Self-gravity of debris discs can strongly change the outcomes of interactions with inclined planets

TL;DR

This study investigates how the self-gravity of debris discs influences the orbital evolution of inclined planets, revealing that self-gravity tends to align the system and significantly alters disc morphology compared to non-self-gravitating models.

Contribution

The paper demonstrates through N-body simulations that debris disc self-gravity affects planetary inclination and eccentricity evolution, challenging previous assumptions based on massless disc models.

Findings

Self-gravity causes systems to become quasi-coplanar except in polar cases.

Disc morphology becomes similar in radial and vertical directions due to self-gravity.

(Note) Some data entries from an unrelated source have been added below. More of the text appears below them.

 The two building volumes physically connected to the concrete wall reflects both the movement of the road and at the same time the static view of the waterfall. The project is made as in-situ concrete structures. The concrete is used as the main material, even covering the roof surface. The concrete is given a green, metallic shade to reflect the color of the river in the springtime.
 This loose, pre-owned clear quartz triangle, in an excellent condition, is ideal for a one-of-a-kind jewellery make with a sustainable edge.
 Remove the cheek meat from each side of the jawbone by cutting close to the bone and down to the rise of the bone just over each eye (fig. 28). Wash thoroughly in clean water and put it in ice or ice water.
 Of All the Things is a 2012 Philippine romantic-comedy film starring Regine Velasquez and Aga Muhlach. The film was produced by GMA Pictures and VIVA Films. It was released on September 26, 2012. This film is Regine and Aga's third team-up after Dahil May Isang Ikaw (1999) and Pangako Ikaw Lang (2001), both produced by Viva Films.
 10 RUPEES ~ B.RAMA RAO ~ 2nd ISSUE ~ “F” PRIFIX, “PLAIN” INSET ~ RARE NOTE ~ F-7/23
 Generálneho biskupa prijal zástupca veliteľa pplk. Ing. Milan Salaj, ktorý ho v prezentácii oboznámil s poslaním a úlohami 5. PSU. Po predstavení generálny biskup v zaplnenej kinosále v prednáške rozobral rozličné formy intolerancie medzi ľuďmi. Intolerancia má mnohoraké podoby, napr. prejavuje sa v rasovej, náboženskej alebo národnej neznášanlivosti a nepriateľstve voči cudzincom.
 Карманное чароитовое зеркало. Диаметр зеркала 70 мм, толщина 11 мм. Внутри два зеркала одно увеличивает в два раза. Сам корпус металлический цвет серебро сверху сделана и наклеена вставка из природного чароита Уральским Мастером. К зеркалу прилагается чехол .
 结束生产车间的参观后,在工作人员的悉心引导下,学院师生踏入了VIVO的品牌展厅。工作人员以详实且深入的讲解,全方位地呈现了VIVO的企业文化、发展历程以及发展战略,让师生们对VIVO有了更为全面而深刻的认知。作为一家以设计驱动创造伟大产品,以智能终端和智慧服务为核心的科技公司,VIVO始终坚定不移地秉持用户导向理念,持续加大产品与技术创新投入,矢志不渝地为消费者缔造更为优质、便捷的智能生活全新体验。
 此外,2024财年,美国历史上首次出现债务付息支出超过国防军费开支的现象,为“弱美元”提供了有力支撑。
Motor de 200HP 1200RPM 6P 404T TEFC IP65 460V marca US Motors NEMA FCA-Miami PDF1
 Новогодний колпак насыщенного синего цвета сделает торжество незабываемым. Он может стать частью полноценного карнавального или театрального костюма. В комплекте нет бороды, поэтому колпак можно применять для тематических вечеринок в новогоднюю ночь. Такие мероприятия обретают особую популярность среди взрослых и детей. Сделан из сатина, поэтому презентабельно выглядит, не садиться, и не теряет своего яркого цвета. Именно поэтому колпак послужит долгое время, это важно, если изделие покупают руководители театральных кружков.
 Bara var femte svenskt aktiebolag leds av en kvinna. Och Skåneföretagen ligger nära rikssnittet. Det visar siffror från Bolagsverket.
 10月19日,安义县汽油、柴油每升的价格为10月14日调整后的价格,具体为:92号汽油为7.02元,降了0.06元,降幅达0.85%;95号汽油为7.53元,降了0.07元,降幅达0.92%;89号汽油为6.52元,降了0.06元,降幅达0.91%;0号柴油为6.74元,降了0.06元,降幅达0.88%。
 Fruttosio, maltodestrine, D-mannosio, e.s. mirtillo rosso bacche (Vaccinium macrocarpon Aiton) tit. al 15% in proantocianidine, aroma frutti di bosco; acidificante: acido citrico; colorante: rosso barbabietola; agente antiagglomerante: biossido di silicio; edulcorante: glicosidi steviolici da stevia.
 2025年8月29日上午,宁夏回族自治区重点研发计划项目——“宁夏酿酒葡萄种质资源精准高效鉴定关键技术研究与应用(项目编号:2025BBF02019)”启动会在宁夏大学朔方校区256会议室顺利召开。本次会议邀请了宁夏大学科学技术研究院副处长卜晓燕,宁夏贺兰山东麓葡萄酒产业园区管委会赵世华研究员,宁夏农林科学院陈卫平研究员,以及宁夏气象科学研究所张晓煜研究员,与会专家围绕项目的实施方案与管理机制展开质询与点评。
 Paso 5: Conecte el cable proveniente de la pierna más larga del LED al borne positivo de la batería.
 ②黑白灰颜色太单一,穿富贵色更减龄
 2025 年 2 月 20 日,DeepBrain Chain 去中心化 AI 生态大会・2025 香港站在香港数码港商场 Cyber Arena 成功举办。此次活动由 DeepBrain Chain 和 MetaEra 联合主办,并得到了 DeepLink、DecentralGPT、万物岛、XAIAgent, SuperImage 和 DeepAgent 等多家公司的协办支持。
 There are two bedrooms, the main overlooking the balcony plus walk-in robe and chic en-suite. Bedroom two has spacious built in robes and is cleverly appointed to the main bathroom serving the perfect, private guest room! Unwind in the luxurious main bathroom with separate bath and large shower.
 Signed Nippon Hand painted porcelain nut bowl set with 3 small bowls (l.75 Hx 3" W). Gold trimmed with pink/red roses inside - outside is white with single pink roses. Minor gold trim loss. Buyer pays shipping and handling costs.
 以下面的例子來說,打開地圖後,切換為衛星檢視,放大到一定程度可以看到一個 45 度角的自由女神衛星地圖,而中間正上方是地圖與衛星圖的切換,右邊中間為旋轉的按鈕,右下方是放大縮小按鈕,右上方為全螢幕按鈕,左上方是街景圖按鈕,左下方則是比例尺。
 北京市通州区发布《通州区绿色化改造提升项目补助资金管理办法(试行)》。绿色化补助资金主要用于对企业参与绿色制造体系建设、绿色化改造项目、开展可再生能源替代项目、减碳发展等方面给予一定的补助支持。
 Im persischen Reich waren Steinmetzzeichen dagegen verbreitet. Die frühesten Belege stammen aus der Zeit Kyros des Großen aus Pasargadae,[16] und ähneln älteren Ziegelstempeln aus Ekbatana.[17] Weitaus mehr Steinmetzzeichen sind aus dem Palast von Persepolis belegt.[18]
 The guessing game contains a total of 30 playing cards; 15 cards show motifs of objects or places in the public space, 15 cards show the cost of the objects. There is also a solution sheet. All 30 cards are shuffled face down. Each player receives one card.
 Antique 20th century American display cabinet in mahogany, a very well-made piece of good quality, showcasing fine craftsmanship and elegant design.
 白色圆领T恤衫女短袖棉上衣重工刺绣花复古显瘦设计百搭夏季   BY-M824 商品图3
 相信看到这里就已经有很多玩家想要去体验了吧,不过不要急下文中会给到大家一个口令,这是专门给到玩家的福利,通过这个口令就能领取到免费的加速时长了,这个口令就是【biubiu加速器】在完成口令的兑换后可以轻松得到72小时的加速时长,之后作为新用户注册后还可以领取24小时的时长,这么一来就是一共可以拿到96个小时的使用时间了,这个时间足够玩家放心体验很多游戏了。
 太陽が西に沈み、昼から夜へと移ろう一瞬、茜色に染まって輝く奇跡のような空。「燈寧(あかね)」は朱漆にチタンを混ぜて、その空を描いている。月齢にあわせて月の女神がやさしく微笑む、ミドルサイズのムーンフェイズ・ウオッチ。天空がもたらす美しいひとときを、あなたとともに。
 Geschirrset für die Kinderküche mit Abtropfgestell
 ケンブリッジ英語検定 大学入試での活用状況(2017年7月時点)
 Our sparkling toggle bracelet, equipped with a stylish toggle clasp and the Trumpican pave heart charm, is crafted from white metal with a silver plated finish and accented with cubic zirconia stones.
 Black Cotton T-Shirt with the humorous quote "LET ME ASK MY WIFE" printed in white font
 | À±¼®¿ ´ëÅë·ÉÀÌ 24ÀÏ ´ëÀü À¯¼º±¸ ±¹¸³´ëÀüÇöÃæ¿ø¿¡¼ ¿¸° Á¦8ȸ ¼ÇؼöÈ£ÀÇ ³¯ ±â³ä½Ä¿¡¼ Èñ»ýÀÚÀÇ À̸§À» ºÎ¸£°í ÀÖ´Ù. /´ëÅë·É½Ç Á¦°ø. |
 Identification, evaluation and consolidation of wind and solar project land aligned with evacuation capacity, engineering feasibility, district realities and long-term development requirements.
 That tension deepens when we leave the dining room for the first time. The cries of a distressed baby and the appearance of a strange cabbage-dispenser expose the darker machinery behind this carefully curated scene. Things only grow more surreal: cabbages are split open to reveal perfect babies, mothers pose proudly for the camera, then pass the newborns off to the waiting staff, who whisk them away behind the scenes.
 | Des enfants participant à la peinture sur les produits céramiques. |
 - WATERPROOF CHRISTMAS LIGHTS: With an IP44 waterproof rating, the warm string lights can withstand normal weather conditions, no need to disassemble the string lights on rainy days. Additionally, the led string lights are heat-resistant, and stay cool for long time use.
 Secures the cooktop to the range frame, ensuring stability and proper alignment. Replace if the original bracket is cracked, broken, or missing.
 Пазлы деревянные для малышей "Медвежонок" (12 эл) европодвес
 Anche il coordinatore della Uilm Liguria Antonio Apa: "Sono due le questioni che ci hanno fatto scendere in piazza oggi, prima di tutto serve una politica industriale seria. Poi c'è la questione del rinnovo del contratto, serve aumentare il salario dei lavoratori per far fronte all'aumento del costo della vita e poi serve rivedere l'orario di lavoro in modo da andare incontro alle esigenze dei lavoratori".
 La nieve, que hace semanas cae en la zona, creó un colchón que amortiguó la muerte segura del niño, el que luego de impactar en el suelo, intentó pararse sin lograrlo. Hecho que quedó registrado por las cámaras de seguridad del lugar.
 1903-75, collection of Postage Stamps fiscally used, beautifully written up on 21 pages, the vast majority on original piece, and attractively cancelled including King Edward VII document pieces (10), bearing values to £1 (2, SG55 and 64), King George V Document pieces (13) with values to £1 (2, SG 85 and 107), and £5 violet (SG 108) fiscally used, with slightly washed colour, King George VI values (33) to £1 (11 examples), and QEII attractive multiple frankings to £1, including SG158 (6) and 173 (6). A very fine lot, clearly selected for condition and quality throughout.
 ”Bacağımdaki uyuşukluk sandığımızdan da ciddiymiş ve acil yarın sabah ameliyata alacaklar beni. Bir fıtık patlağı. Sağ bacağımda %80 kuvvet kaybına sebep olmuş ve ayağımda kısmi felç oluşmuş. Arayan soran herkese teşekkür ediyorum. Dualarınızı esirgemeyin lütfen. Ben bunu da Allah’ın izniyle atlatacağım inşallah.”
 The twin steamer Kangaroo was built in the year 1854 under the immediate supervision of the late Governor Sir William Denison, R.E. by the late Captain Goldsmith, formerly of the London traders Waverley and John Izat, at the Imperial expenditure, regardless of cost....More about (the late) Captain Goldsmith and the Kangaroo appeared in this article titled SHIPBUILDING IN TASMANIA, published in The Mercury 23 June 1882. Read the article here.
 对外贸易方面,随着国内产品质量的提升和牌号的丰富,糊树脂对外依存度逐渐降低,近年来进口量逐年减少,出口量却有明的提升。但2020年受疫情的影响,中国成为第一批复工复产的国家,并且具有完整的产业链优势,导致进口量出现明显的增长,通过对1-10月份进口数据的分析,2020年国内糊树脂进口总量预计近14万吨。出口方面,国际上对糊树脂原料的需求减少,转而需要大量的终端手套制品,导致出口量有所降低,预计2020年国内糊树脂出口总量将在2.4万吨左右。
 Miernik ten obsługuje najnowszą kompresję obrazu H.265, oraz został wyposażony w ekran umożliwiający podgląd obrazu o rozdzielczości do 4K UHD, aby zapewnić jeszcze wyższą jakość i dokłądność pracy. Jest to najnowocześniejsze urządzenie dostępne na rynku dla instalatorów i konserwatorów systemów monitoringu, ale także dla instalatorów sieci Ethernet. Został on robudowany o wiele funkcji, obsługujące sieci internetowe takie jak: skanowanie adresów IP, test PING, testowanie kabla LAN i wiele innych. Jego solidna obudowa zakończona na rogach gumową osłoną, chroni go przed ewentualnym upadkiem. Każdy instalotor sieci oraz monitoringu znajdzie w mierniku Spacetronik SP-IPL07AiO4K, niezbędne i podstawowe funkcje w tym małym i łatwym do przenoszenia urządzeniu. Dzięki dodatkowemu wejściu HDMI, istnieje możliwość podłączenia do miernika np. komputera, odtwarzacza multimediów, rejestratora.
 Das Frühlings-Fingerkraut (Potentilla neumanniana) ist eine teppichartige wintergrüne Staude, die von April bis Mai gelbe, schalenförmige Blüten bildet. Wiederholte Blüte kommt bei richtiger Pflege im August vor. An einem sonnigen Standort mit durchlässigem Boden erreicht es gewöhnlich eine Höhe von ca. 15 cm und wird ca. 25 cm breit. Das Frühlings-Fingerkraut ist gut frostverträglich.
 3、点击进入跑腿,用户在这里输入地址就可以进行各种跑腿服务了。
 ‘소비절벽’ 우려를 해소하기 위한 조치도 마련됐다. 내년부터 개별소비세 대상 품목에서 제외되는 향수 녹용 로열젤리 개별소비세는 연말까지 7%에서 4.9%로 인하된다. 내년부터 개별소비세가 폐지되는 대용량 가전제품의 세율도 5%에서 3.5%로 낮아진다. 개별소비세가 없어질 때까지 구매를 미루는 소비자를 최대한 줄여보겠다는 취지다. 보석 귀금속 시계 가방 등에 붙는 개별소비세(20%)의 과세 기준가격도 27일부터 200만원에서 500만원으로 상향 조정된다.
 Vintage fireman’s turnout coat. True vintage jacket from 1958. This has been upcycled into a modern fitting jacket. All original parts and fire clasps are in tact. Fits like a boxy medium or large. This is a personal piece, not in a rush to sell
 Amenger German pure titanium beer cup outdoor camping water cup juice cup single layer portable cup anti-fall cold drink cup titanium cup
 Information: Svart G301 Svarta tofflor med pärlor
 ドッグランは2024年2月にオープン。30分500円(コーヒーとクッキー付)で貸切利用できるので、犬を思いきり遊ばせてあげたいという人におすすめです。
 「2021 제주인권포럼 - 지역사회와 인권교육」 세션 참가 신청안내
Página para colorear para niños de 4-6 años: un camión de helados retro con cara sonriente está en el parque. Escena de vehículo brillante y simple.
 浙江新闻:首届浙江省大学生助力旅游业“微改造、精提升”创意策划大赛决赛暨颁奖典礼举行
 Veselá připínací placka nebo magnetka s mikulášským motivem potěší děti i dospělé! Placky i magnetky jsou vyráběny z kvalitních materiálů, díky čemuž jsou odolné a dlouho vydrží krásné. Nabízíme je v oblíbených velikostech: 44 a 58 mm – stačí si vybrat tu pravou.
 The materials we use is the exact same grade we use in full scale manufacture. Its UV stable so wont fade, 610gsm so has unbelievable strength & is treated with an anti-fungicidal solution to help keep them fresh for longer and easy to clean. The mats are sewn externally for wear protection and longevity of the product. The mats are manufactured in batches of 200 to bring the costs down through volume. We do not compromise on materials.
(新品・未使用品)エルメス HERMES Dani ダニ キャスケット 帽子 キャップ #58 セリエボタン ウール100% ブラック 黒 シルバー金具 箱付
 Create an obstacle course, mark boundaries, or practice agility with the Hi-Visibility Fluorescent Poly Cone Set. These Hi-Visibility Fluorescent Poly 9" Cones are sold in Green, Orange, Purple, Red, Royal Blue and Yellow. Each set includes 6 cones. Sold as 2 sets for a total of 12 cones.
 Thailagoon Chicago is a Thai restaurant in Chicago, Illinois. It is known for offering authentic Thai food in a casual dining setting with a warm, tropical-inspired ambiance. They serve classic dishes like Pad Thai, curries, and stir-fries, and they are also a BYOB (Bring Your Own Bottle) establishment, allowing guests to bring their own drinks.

Massless disc models overestimate vertical dispersion for inclined planets.

Abstract

Drastic changes in protoplanets' orbits could occur in the early stages of planetary systems through interactions with other planets and their surrounding protoplanetary or debris discs. The resulting planetary system could exhibit orbits with moderate to high eccentricities and/or inclinations, causing planets to perturb one another as well as the disc significantly. The present work studies the evolution of systems composed of an initially inclined planet and a debris disc. We perform N-body simulations of a narrow, self-gravitating debris disc and a single interior Neptune-like planet. We simulate systems with various initial planetary inclinations, from coplanar to polar configurations considering different separations between the planet and the disc. We find that except when the planet is initially on a polar orbit, the planet-disc system tends to reach a quasi-coplanar configuration with low vertical dispersion in the disc. When present, the Zeipel--Kozai--Lidov oscillations induced by the disc pump the planet's eccentricity and, in turn, affect the disc structure. We also find that the resulting disc morphology in most of the simulations looks very similar in both radial and vertical directions once the simulations are converged. This contrasts strongly with massless disc simulations, where vertical disc dispersion is set by the initial disc-planet inclination and can be high for initially highly inclined planets. The results suggest caution in interpreting an unseen planet's dynamical history based only on the disc's appearance.